Instructions to follow>
In your copy, leave out the pictures and output only the lines from the one holding "The interior presents" through the end of the data below, exactly.

The data>
###
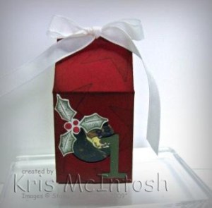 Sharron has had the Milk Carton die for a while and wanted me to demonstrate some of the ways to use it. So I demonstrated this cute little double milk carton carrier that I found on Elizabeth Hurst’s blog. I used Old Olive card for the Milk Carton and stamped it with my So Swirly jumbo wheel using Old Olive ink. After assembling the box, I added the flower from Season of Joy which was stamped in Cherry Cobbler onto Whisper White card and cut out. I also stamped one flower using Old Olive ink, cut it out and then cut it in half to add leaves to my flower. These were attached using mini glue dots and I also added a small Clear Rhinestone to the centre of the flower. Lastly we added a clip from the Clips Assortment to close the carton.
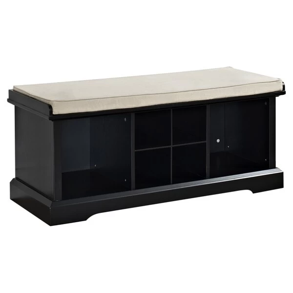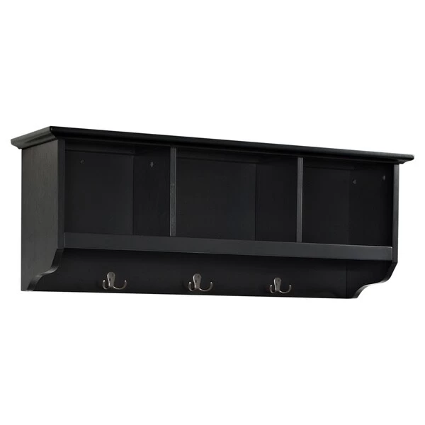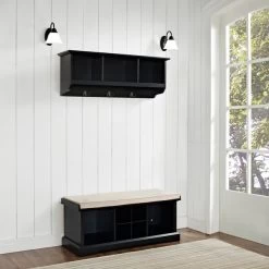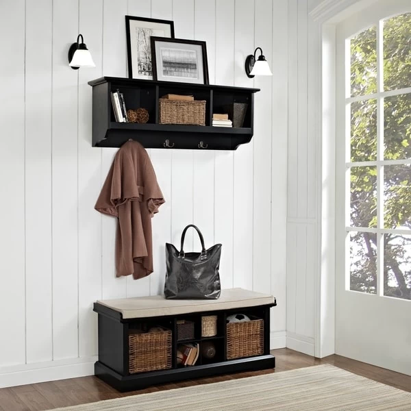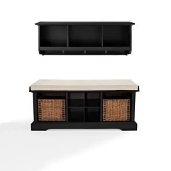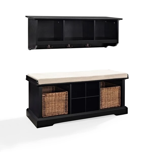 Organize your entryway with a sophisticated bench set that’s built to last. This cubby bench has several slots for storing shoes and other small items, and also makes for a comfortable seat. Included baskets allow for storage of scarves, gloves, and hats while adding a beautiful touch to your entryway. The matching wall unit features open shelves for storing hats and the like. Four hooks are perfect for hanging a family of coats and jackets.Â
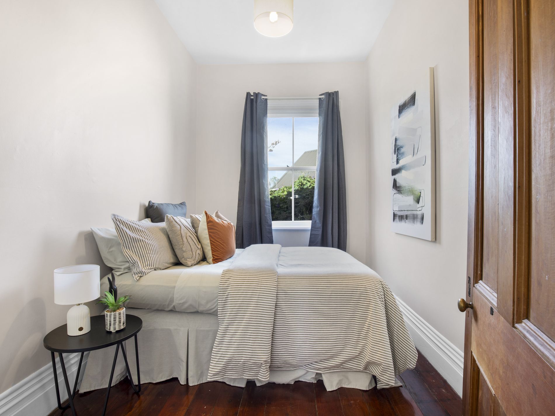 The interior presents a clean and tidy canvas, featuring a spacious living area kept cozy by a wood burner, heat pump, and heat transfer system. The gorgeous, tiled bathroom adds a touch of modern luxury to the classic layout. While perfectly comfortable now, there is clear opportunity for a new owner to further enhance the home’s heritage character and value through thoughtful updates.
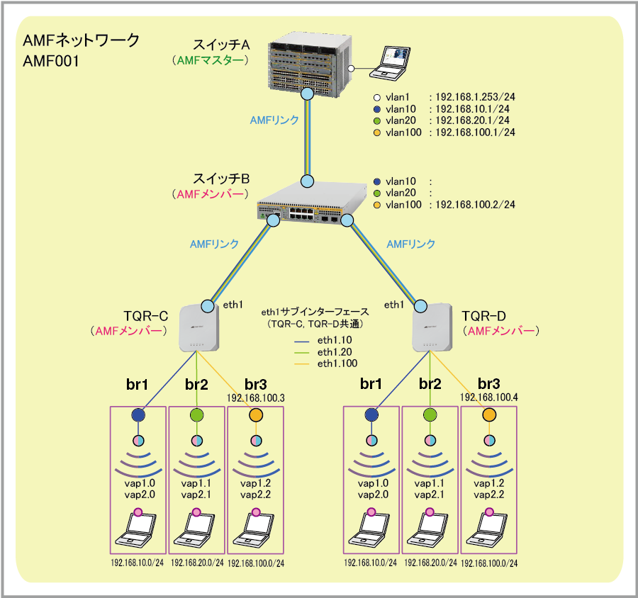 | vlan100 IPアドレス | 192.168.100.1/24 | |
###
Expected output>
 The interior presents a clean and tidy canvas, featuring a spacious living area kept cozy by a wood burner, heat pump, and heat transfer system. The gorgeous, tiled bathroom adds a touch of modern luxury to the classic layout. While perfectly comfortable now, there is clear opportunity for a new owner to further enhance the home’s heritage character and value through thoughtful updates.
 | vlan100 IPアドレス | 192.168.100.1/24 | |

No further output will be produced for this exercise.